Supplied data section start

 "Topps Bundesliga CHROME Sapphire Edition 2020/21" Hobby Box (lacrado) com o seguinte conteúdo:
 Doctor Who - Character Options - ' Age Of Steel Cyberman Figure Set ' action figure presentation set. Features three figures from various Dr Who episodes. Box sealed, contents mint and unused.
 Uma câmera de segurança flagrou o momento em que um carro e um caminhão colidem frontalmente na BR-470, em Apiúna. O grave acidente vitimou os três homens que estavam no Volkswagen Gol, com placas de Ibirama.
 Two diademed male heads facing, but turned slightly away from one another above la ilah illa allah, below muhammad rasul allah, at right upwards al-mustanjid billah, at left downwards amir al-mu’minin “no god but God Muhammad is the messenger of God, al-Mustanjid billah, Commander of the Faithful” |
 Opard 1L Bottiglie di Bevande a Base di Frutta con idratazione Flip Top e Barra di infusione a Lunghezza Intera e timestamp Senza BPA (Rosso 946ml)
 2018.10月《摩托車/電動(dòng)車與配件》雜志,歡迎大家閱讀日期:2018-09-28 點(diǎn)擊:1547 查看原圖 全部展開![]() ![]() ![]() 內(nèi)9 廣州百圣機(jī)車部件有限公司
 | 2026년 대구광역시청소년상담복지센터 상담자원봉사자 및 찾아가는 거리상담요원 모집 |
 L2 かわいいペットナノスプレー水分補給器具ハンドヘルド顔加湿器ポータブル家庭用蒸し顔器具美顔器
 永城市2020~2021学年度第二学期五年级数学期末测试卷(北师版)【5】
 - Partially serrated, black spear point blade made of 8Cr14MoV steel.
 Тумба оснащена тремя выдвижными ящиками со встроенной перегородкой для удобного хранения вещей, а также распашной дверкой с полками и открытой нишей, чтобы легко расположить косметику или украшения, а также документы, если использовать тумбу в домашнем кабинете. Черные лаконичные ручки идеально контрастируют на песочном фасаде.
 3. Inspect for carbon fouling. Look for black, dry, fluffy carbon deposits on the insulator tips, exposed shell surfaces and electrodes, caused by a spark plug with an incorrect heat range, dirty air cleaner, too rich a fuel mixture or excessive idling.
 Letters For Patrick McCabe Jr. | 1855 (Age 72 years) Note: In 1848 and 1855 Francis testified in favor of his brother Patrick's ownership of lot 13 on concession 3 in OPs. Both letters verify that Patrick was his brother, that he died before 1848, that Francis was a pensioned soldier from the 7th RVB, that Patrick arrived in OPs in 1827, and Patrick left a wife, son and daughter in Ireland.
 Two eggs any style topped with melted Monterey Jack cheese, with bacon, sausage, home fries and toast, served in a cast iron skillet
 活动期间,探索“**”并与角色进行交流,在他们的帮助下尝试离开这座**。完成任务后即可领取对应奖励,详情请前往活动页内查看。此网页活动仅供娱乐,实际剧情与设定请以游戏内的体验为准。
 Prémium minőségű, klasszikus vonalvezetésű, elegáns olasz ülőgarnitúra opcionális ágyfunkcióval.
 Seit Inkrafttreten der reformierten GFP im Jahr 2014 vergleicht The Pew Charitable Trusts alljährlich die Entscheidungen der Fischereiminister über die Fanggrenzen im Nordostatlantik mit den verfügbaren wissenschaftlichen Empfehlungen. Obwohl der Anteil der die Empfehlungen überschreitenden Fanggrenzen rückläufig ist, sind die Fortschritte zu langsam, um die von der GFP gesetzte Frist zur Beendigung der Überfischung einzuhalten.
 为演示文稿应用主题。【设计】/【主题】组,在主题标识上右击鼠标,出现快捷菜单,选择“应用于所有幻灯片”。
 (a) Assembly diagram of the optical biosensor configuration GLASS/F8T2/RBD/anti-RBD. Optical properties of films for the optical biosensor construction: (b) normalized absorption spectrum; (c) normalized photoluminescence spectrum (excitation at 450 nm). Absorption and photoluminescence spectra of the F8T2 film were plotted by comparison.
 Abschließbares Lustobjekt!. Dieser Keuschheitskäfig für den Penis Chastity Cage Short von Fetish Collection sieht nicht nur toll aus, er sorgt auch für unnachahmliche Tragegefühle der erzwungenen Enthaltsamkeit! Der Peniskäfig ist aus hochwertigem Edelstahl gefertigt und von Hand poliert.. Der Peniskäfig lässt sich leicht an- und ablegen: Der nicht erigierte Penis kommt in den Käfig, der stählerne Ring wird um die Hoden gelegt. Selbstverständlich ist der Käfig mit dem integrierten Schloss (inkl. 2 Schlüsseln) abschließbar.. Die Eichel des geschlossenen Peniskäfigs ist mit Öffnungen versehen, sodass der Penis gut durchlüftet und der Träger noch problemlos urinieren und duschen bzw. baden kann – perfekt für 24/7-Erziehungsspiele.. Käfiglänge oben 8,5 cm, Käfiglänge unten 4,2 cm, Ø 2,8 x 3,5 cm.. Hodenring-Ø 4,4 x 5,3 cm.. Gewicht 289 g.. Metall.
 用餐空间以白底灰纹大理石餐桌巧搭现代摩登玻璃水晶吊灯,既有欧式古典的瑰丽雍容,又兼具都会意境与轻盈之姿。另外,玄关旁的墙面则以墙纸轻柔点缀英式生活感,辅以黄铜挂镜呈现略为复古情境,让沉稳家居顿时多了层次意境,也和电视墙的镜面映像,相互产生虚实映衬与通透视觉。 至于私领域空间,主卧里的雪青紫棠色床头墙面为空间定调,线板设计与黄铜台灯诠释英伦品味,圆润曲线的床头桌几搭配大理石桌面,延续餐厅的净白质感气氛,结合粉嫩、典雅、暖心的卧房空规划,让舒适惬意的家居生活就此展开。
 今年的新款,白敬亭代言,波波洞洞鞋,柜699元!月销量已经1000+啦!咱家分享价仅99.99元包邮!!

Supplied data section end

» **Task requirements**
Copy each line of the entries that includes the word "black".

» **Response**
 - Partially serrated, black spear point blade made of 8Cr14MoV steel.
 3. Inspect for carbon fouling. Look for black, dry, fluffy carbon deposits on the insulator tips, exposed shell surfaces and electrodes, caused by a spark plug with an incorrect heat range, dirty air cleaner, too rich a fuel mixture or excessive idling.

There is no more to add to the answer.